# AIM OF THE TASK:
Reproduce the records below exactly from their first line through the line containing "آبمیوهگیری جیپاس مدل", omitting all pictures.
*** Opening RECORDS FOR THIS EXERCISE ***
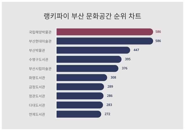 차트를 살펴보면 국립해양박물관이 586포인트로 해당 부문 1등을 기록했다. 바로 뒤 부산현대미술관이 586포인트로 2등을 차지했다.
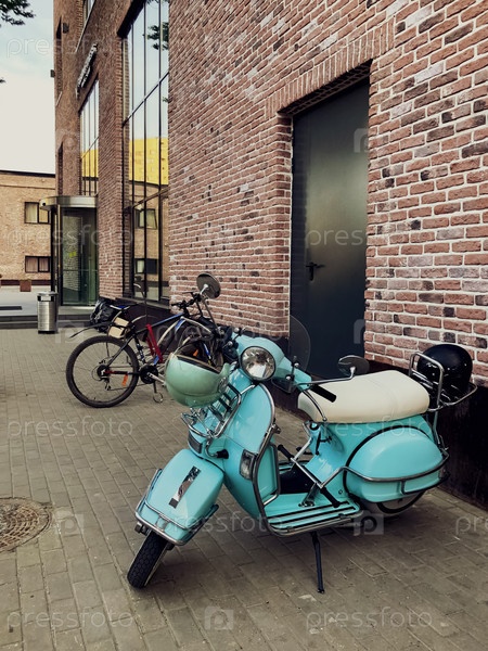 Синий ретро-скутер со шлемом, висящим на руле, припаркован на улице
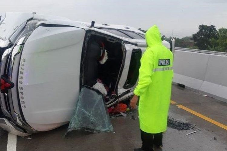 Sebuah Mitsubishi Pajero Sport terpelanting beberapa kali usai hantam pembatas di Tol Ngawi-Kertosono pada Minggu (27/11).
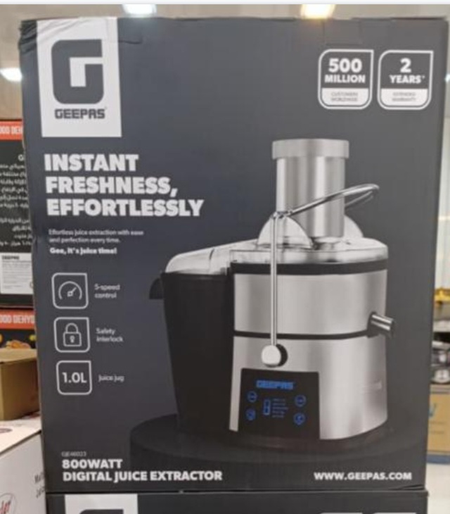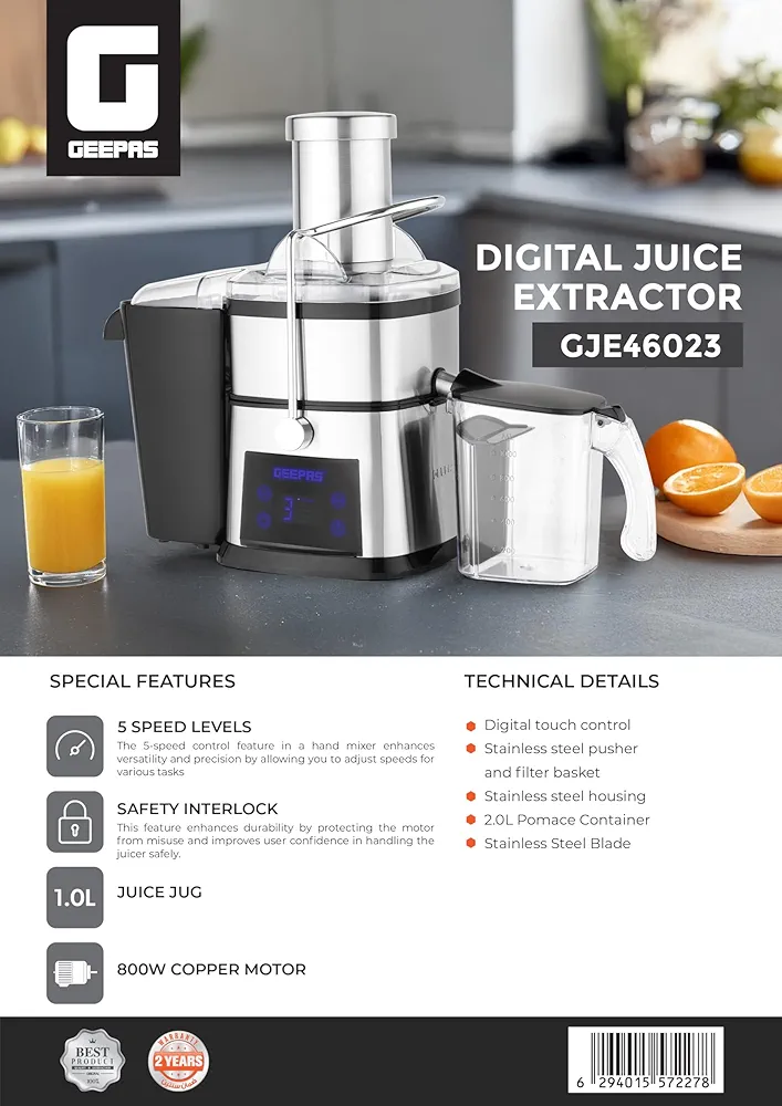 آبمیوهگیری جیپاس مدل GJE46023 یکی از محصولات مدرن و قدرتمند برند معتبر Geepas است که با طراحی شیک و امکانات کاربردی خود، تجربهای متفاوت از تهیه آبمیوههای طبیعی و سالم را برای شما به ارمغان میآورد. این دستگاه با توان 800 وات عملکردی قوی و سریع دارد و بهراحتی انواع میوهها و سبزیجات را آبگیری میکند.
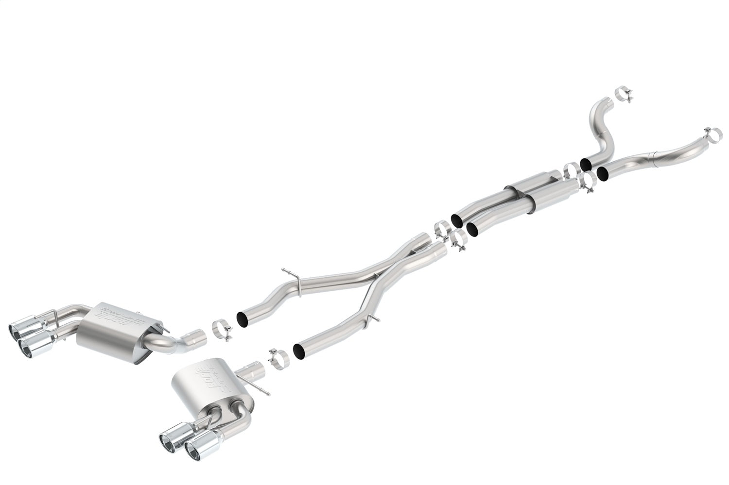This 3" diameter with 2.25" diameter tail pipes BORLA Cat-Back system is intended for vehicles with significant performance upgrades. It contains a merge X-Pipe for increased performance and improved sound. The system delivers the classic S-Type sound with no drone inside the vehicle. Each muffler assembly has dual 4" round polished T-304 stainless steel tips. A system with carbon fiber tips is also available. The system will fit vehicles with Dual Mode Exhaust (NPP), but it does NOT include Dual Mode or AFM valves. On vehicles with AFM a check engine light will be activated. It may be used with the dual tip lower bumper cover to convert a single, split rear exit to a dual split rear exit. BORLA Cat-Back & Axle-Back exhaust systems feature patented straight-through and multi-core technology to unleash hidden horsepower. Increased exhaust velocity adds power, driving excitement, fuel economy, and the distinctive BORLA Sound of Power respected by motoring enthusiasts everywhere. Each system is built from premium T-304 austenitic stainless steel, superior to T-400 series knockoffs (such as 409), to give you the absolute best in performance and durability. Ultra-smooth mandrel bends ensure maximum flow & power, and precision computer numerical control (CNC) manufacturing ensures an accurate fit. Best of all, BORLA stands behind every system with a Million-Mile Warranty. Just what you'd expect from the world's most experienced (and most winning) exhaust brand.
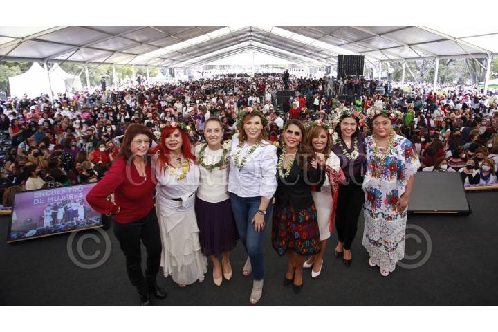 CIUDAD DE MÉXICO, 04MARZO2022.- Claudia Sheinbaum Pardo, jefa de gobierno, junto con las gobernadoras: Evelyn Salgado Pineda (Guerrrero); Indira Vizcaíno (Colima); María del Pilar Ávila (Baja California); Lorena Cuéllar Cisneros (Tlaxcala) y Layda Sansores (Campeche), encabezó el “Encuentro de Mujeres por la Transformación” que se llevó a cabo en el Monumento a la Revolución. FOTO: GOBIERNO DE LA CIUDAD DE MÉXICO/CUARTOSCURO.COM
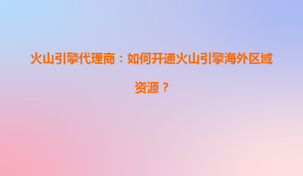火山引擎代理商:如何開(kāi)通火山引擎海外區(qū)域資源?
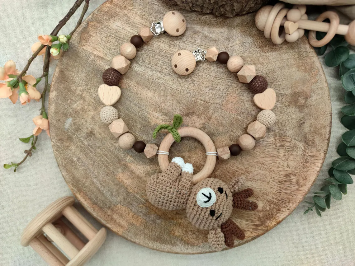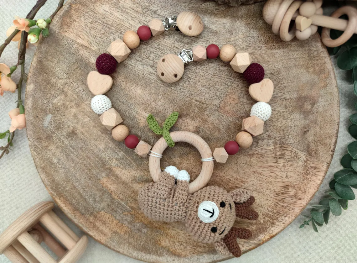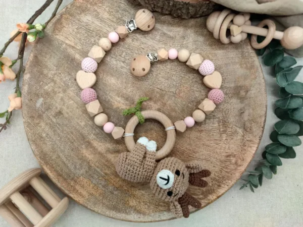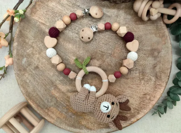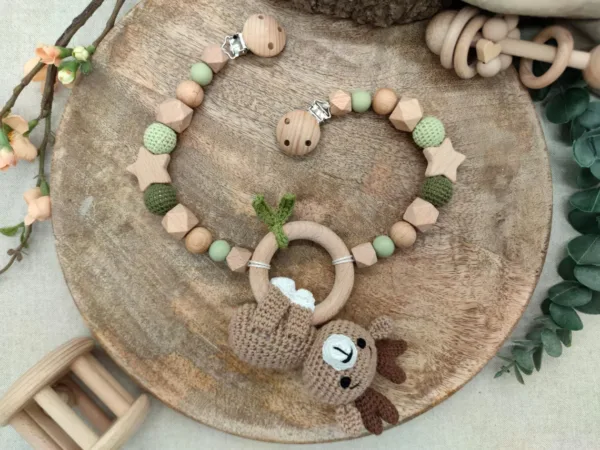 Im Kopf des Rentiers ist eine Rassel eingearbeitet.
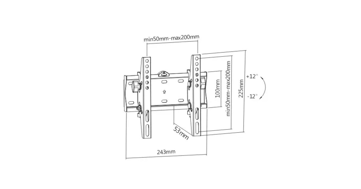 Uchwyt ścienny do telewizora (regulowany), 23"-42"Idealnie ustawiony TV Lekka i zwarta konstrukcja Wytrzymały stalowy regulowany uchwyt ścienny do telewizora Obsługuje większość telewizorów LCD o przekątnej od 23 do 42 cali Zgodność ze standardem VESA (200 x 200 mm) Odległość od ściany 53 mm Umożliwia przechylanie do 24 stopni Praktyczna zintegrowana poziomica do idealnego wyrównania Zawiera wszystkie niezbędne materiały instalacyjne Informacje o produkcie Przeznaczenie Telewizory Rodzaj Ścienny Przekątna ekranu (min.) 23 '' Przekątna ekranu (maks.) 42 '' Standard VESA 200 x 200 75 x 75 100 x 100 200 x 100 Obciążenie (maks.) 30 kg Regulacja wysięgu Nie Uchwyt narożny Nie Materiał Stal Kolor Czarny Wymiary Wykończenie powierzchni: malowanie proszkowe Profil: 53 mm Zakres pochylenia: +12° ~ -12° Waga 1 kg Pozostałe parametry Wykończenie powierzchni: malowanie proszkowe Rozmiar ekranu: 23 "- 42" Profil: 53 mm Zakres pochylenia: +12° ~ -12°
*** Closing RECORDS FOR THIS EXERCISE ***
# TASK SOLUTION:
 차트를 살펴보면 국립해양박물관이 586포인트로 해당 부문 1등을 기록했다. 바로 뒤 부산현대미술관이 586포인트로 2등을 차지했다.
 Синий ретро-скутер со шлемом, висящим на руле, припаркован на улице
 Sebuah Mitsubishi Pajero Sport terpelanting beberapa kali usai hantam pembatas di Tol Ngawi-Kertosono pada Minggu (27/11).
 آبمیوهگیری جیپاس مدل GJE46023 یکی از محصولات مدرن و قدرتمند برند معتبر Geepas است که با طراحی شیک و امکانات کاربردی خود، تجربهای متفاوت از تهیه آبمیوههای طبیعی و سالم را برای شما به ارمغان میآورد. این دستگاه با توان 800 وات عملکردی قوی و سریع دارد و بهراحتی انواع میوهها و سبزیجات را آبگیری میکند.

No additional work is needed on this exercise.